Tak więc, rozważając wszystko po kolei, płakała bardziej nad nim niż nad sobą. Wspierana przekonaniem, że nie uczyniła nic, by zasłużyć na obecne cierpienie, i że Edward nie zrobił nic, by utracić jej szacunek, stwierdziła, że nawet teraz, obolała po tym ciężkim ciosie, potrafi zapanować nad sobą na tyle, by nie pozwolić matce i siostrom na najlżejsze nawet podejrzenia. A tak się potrafiła wziąć w karby, że kiedy zasiadła z rodziną do kolacji w dwie godziny po utracie wszystkich najdroższych sercu nadziei, nikt patrzący na obie siostry nie przypuściłby, że Eleonora opłakuje w duszy konieczność rozstania na zawsze z ukochanym, a Marianna rozpamiętuje doskonałość mężczyzny, co do którego uczuć nie ma najmniejszych wątpliwości i którego wygląda w każdym powozie przejeżdżającym koło domu.
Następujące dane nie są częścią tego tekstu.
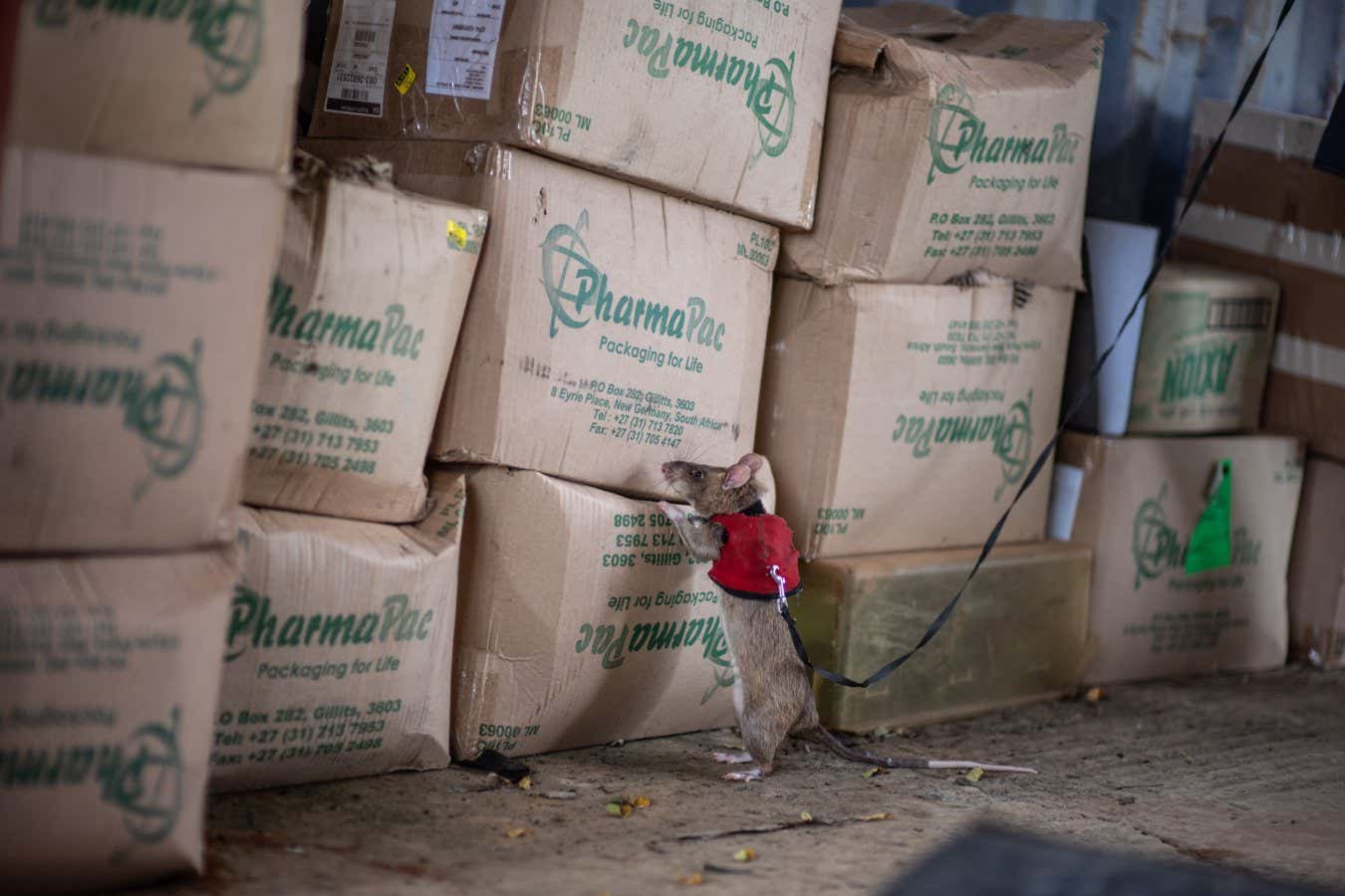 An African giant pouched rat sniffs boxes looking for wildlife products APOPO

Konieczność ukrywania przed matką i Marianną wiadomości zawierzonych jej w sekrecie nie była dla Eleonory dodatkową udręką, chociaż wymagała nie kończących się wysiłków. Przeciwnie, młoda panna z ulgą myślała, iż oszczędzona jej została konieczność przekazania im tak przykrej wiadomości, a również usłyszenia od nich słów potępiających Edwarda, podyktowanych niechybnie gorącym uczuciem, czego pewno nie mogłaby znieść.